Over recent years, many studies involving different populations have reported that memory complaints appear to be associated with depression, mainly in samples based on volunteers and self-referrals (Jonker et al. 2000). However, in community-based samples, a significant relationship was observed between self-reported memory problems and poor memory performance independently of depressive symptomatology (Jonker et al. 1996). Apart from the depression, the SMC have also been related to anxiety and personality traits (Jorm et al. 2004). However, there is also growing evidence to suggest that SMC are associated with an increased risk of dementia and with the presence of biological correlates of early Alzheimer's disease (Rodda et al. 2009).

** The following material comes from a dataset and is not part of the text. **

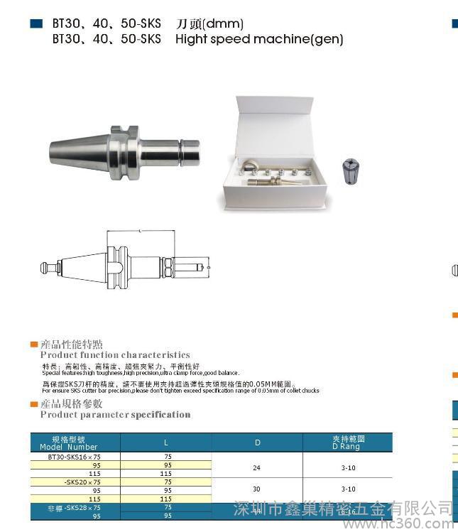 深圳市鑫巢精密五金有限公司是一家高新科技企业,主要从事五金模具各类机械配件产品研制,开发,销售。自主创新,以市场需求为导向,以不断创新为理念,先后开发出:SKS刀头.SKS轴承扳手型.加长柄刀头.标准测试棒.防导磁寻边器(分中棒).防震刀杆.螺纹锁固式刀杆.方刀把日本胶质螺丝.扳手.螺丝.弹簧夹.铣刀 等多顶**产品。 本公司产品与日本大昭BIG.尼肯产品同等级别,目前国内**能与瑞士肖柏林通用产品。进口材质,性价比高 ,获多家大型企业认可及好评。

Some cross-sectional studies have found associations between SMC and objective memory performance (Jonker et al. 1996; Gagnon et al. 1994), although others did not (Bolla et al. 1991; Minett et al. 2007). Nevertheless, longitudinal studies seem to show this relationship more clearly (Tobiansky et al. 1995; Schmand et al. 1996)(see Jonker et al. 2000 for a review). Although subjects with objective memory impairment normally report SMC, there are other elderly subjects that perform as well as healthy controls on memory tests but still report complaints about their memory. It is still an open question whether these SMCs can actually be considered to be clinically relevant predictors for the development of an objective memory impairment and even dementia (Roberts et al. 2009; Riedel-Heller and Matschinger 1999; Glodzik-Sobanska et al. 2007; Treves et al. 2005; Wang et al. 2004).

Thus, although differences are not found in neuropsychological test scores in comparison with a ‘healthy’ group, some neuroimaging studies in people with SMC showed a smaller entorhinal cortex (Jessen et al. 2006), a reduced hippocampal volume (Van der Flier et al. 2004), reduced metabolism (Mosconi et al. 2008) and subcortical parieto-occipital white matter lesions (Stenset et al. 2008). Studies of brain activity during cognitive tasks note that subjects with SMC present an increase in activity in comparison with the control group (Rodda et al. 2009; Rodda et al. 2010; Maestu et al. 2010; Jessen et al. 2010; Elfgren et al. 2010; Gallassi et al. 2010; Benito-León et al. 2010; Luck et al. 2010). All these studies have evaluated the spatial or the spatiotemporal profiles of activity, but none of them assess whether the functional connectivity between brain regions was spared or not in subjects with SMC. Functional connectivity measures the statistical interdependencies between two brain signals and seems to be related to the brain ability to communicate information between brain regions (Varela et al. 2001). Functional connectivity is, probably, an essential tool for the study of brain functioning, with its deviation from healthy reference being an indication of lesion (Schnitzler and Gross 2005, Guggisberg et al. 2008). The evaluation of functional connectivity in subjects with SMC is a relevant issue due to the ideas developed by Braak and Braak (Braak and Braak 1991), which indicate pathophysiological changes up to decades before the diagnosis of dementia. Furthermore, the idea that views Alzheimer's disease (AD) as a disconnection syndrome (Morris and Becker 1994) has not yet been tested in subjects with SMC.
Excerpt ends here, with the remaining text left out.